→ **Data section**:
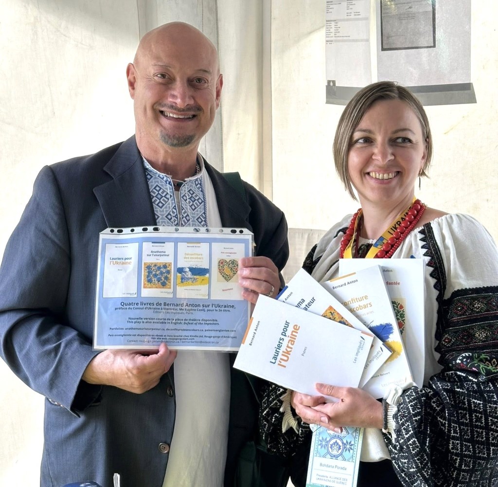 Avant Paix ensanglantée, Bernard Anton a publié trois ouvrages consacrés à l’Ukraine. Ses haïkus sont saisissants, alliant solidarité et espoir. Ses écrits dénoncent l’invasion tout en offrant des images poignantes et porteuses d’émotion. Sa pièce de théâtre Déconfiture des escobars poursuit aussi un engagement artistique et humaniste en faveur d’une paix juste et équitable.
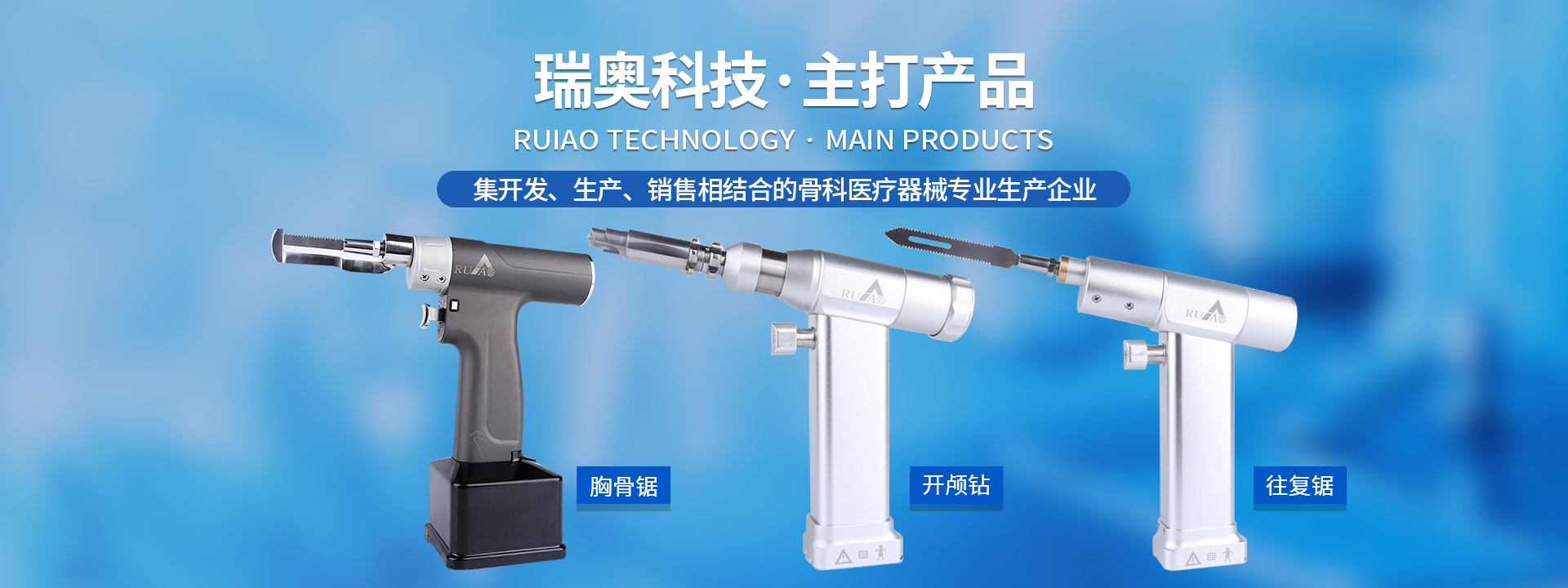 鹽城瑞奧科技有限公司主要產品:醫用電動鋸鉆系列(可高溫高壓消毒和熏蒸消毒兩種):包含骨鉆、擺鋸、胸骨鋸、空心骨鉆、開顱鉆、顱骨銑等等,適用于骨科、腦外科、神經外科、胸外科、手足及顯微外科、脊柱外科、整形外科等各種手術的要求。電動石膏鋸可切割高分子繃帶、石膏等?;A器械系列:咬骨鉗,髓核鉗,椎板咬骨鉗,持骨鉗,四肢骨折手術器械包等。
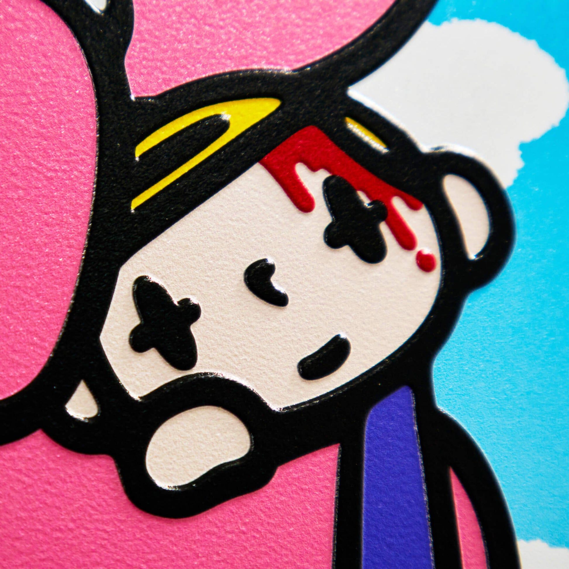 在 Gloomy 的经典艺术图上,我们加入了 Pitty 君和 堺ZAKURO两位角色。描绘了他们在“损伤彩虹”上稍作休息的场景。
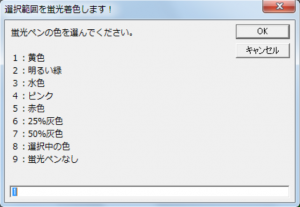 Sub 蛍光ペンで着色_色を選択できる() Dim myColor As String Dim myColorIndex As String Dim myMessage As String 'インプットボックスで表示するメッセージ myMessage = "蛍光ペンの色を選んでください。" & vbCr & vbCr & _ "1:黄色" & vbCr & _ "2:明るい緑" & vbCr & _ "3:水色" & vbCr & _ "4:ピンク" & vbCr & _ "5:赤色" & vbCr & _ "6:25%灰色" & vbCr & _ "7:50%灰色" & vbCr & _ "8:選択中の色" & vbCr & _ "9:蛍光ペンなし" & vbCr '数字を入力するまで実行 Do myColor = InputBox(myMessage, "選択範囲を蛍光着色します!", 1) If myColor = vbNullString Then End Loop While IsNumeric(myColor) = False '選択した色を設定 Select Case CInt(myColor) Case 1 myColorIndex = wdYellow Case 2 myColorIndex = wdBrightGreen Case 3 myColorIndex = wdTurquoise Case 4 myColorIndex = wdPink Case 5 myColorIndex = wdRed Case 6 myColorIndex = wdGray25 Case 7 myColorIndex = wdGray50 Case 8 myColorIndex = wdNoHighlight Case 9 myColorIndex = Options.DefaultHighlightColorIndex End Select '選択範囲を蛍光ペンで着色 Selection.Range.HighlightColorIndex = myColorIndex End Sub

→ **Activity**:
Could you output exactly the lines above, from the line with "鹽城瑞奧科技有限公司主要產品" up to and including the line with "在 Gloomy 的经典艺术图上,我们加入了", and nothing else, skipping the pictures?

→ **Answer section**:
 鹽城瑞奧科技有限公司主要產品:醫用電動鋸鉆系列(可高溫高壓消毒和熏蒸消毒兩種):包含骨鉆、擺鋸、胸骨鋸、空心骨鉆、開顱鉆、顱骨銑等等,適用于骨科、腦外科、神經外科、胸外科、手足及顯微外科、脊柱外科、整形外科等各種手術的要求。電動石膏鋸可切割高分子繃帶、石膏等?;A器械系列:咬骨鉗,髓核鉗,椎板咬骨鉗,持骨鉗,四肢骨折手術器械包等。
 在 Gloomy 的经典艺术图上,我们加入了 Pitty 君和 堺ZAKURO两位角色。描绘了他们在“损伤彩虹”上稍作休息的场景。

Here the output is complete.